### INFORMATION:

===============

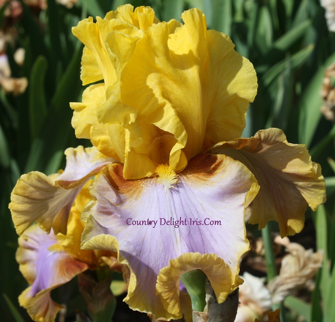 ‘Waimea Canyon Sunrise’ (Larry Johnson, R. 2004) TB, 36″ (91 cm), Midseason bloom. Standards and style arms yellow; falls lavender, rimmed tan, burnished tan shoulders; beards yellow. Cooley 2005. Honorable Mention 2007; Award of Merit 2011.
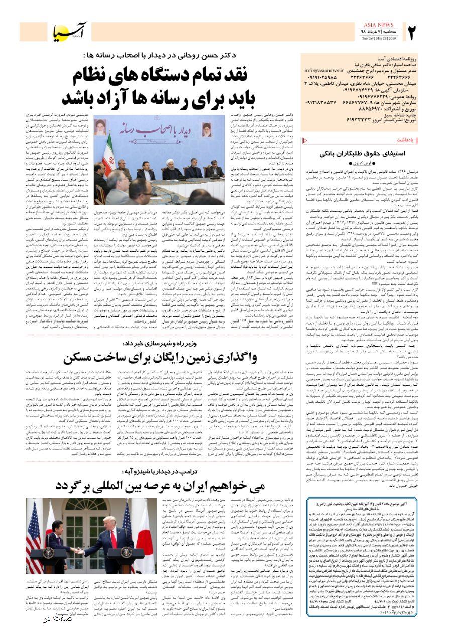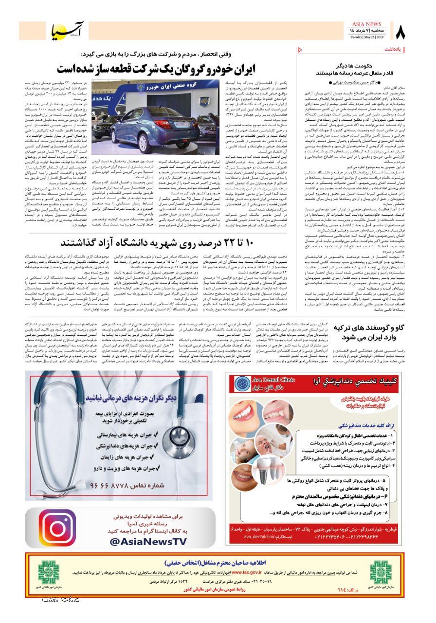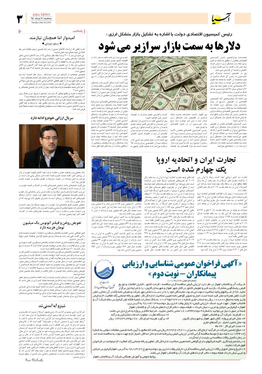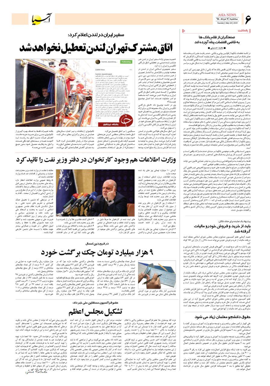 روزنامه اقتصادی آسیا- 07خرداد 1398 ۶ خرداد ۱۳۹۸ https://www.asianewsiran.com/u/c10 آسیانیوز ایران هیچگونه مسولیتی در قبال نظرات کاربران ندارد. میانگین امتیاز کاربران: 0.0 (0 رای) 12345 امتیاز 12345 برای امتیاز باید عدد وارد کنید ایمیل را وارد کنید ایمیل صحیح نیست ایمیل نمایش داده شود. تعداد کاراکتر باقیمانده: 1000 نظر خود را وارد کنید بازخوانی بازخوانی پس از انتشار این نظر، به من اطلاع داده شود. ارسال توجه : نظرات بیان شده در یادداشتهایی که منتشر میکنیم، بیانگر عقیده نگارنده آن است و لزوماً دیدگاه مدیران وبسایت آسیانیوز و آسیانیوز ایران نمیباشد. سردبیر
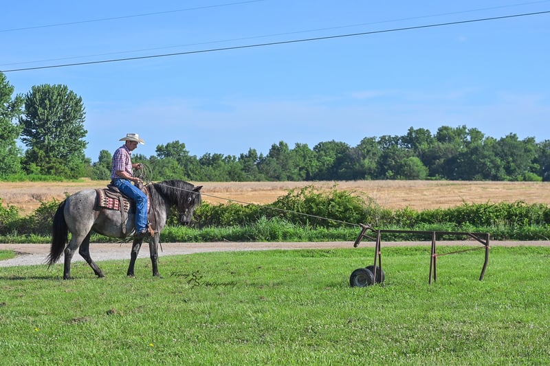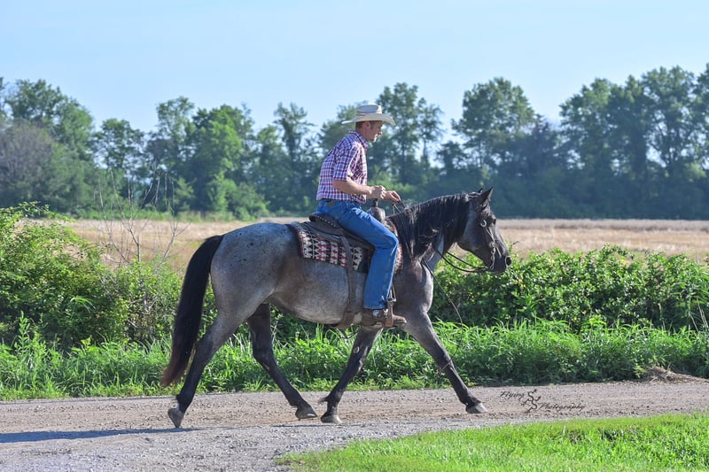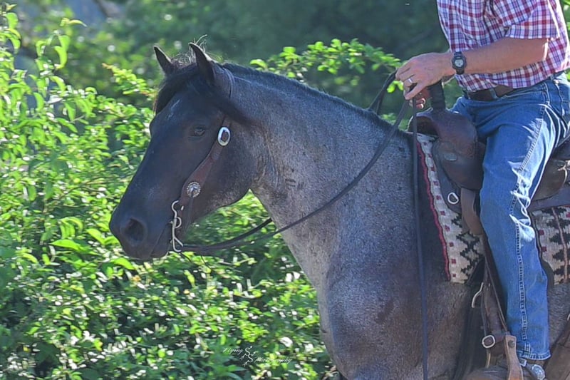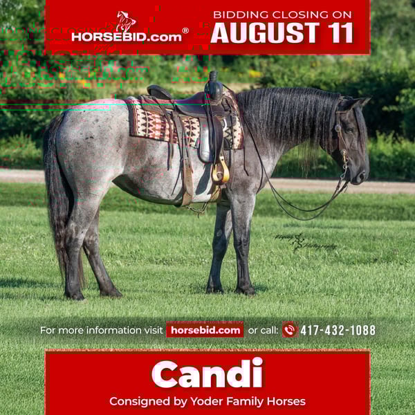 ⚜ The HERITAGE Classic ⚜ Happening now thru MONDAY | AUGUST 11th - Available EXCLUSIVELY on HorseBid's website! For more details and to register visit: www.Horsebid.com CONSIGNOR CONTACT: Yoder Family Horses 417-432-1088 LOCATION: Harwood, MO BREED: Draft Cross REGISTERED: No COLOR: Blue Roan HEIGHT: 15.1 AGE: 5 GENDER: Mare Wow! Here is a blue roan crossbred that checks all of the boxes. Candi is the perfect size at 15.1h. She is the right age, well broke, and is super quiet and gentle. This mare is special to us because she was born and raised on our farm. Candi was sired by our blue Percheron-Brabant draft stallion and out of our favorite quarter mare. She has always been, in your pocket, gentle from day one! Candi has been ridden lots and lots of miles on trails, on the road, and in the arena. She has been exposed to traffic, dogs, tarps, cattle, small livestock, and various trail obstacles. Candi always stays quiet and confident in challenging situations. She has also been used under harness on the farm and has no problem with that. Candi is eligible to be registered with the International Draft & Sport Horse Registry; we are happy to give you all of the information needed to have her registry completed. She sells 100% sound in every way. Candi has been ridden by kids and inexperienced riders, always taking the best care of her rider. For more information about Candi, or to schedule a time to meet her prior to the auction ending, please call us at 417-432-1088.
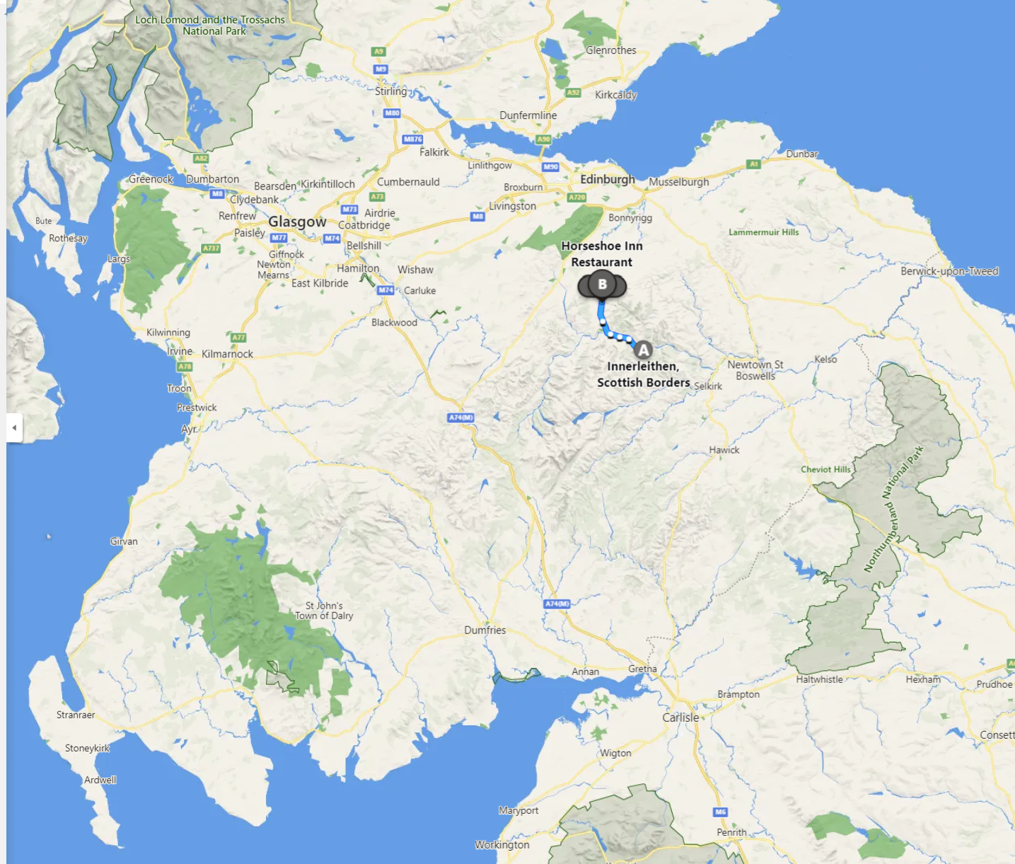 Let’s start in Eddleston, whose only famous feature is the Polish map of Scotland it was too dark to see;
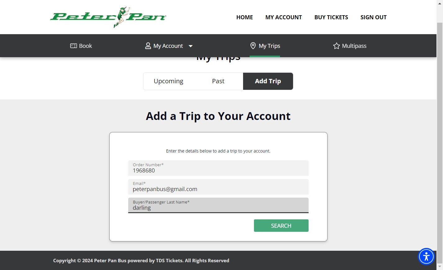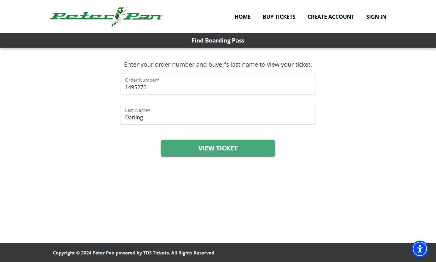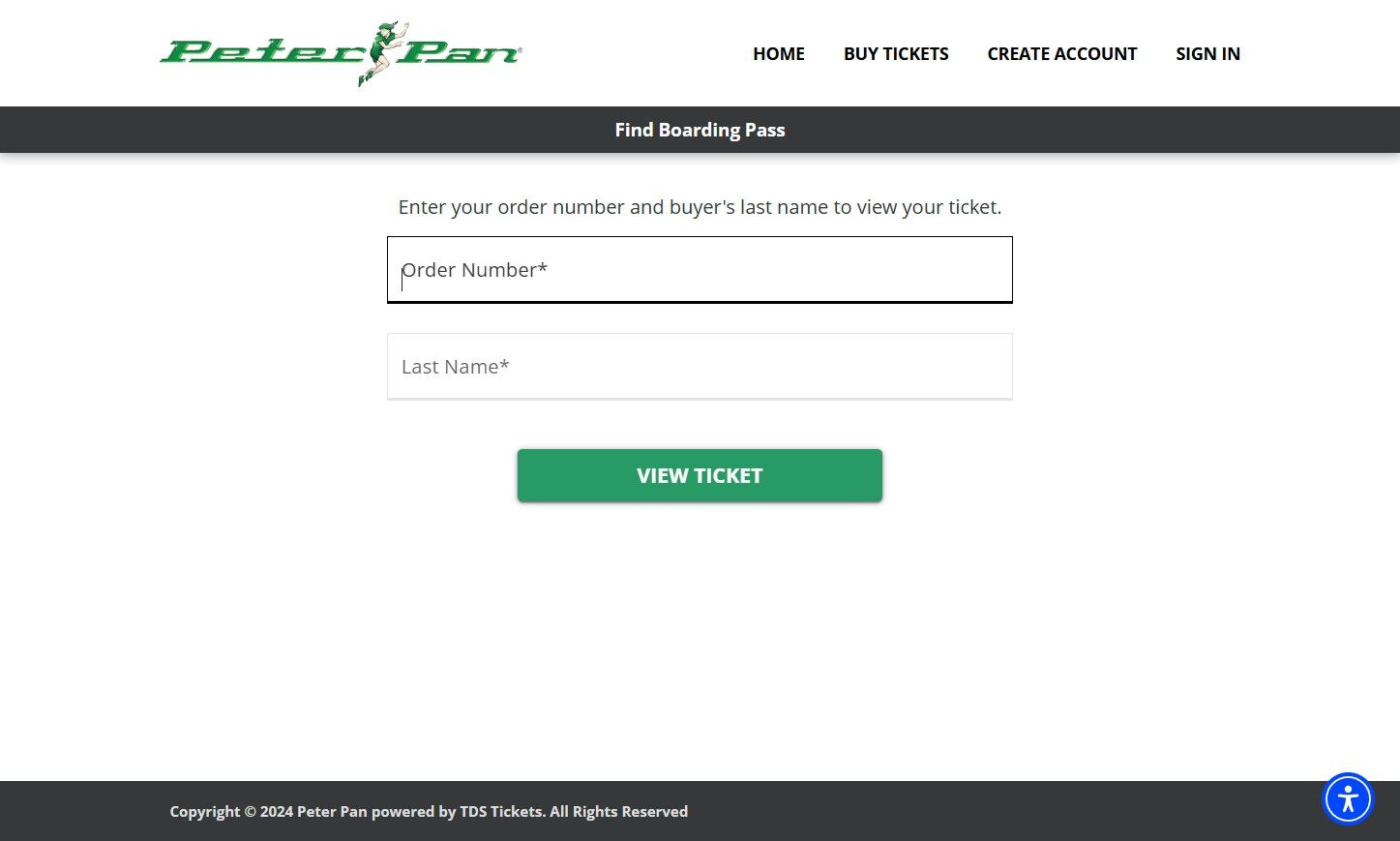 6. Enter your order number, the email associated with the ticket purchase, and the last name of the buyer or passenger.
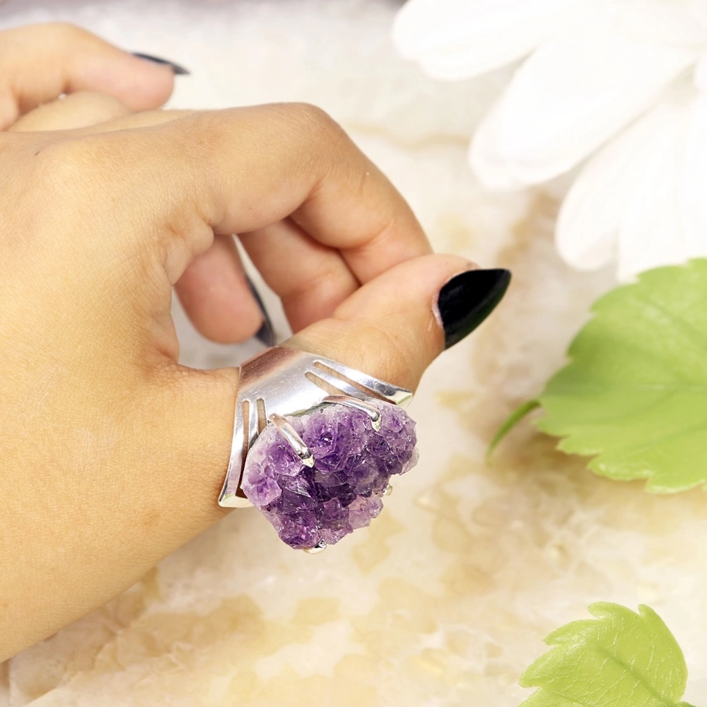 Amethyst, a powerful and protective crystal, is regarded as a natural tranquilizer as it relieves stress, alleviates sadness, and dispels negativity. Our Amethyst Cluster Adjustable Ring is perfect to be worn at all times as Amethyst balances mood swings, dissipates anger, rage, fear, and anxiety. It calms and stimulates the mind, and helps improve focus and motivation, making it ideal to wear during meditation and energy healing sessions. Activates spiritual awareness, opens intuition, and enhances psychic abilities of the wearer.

===============

### TASK TO COMPLETE:
Everything in the listing is to be returned word for word, except the pictures.

### EXERCISE OUTPUT:
 ‘Waimea Canyon Sunrise’ (Larry Johnson, R. 2004) TB, 36″ (91 cm), Midseason bloom. Standards and style arms yellow; falls lavender, rimmed tan, burnished tan shoulders; beards yellow. Cooley 2005. Honorable Mention 2007; Award of Merit 2011.
 روزنامه اقتصادی آسیا- 07خرداد 1398 ۶ خرداد ۱۳۹۸ https://www.asianewsiran.com/u/c10 آسیانیوز ایران هیچگونه مسولیتی در قبال نظرات کاربران ندارد. میانگین امتیاز کاربران: 0.0 (0 رای) 12345 امتیاز 12345 برای امتیاز باید عدد وارد کنید ایمیل را وارد کنید ایمیل صحیح نیست ایمیل نمایش داده شود. تعداد کاراکتر باقیمانده: 1000 نظر خود را وارد کنید بازخوانی بازخوانی پس از انتشار این نظر، به من اطلاع داده شود. ارسال توجه : نظرات بیان شده در یادداشتهایی که منتشر میکنیم، بیانگر عقیده نگارنده آن است و لزوماً دیدگاه مدیران وبسایت آسیانیوز و آسیانیوز ایران نمیباشد. سردبیر
 ⚜ The HERITAGE Classic ⚜ Happening now thru MONDAY | AUGUST 11th - Available EXCLUSIVELY on HorseBid's website! For more details and to register visit: www.Horsebid.com CONSIGNOR CONTACT: Yoder Family Horses 417-432-1088 LOCATION: Harwood, MO BREED: Draft Cross REGISTERED: No COLOR: Blue Roan HEIGHT: 15.1 AGE: 5 GENDER: Mare Wow! Here is a blue roan crossbred that checks all of the boxes. Candi is the perfect size at 15.1h. She is the right age, well broke, and is super quiet and gentle. This mare is special to us because she was born and raised on our farm. Candi was sired by our blue Percheron-Brabant draft stallion and out of our favorite quarter mare. She has always been, in your pocket, gentle from day one! Candi has been ridden lots and lots of miles on trails, on the road, and in the arena. She has been exposed to traffic, dogs, tarps, cattle, small livestock, and various trail obstacles. Candi always stays quiet and confident in challenging situations. She has also been used under harness on the farm and has no problem with that. Candi is eligible to be registered with the International Draft & Sport Horse Registry; we are happy to give you all of the information needed to have her registry completed. She sells 100% sound in every way. Candi has been ridden by kids and inexperienced riders, always taking the best care of her rider. For more information about Candi, or to schedule a time to meet her prior to the auction ending, please call us at 417-432-1088.
 Let’s start in Eddleston, whose only famous feature is the Polish map of Scotland it was too dark to see;
 6. Enter your order number, the email associated with the ticket purchase, and the last name of the buyer or passenger.
 Amethyst, a powerful and protective crystal, is regarded as a natural tranquilizer as it relieves stress, alleviates sadness, and dispels negativity. Our Amethyst Cluster Adjustable Ring is perfect to be worn at all times as Amethyst balances mood swings, dissipates anger, rage, fear, and anxiety. It calms and stimulates the mind, and helps improve focus and motivation, making it ideal to wear during meditation and energy healing sessions. Activates spiritual awareness, opens intuition, and enhances psychic abilities of the wearer.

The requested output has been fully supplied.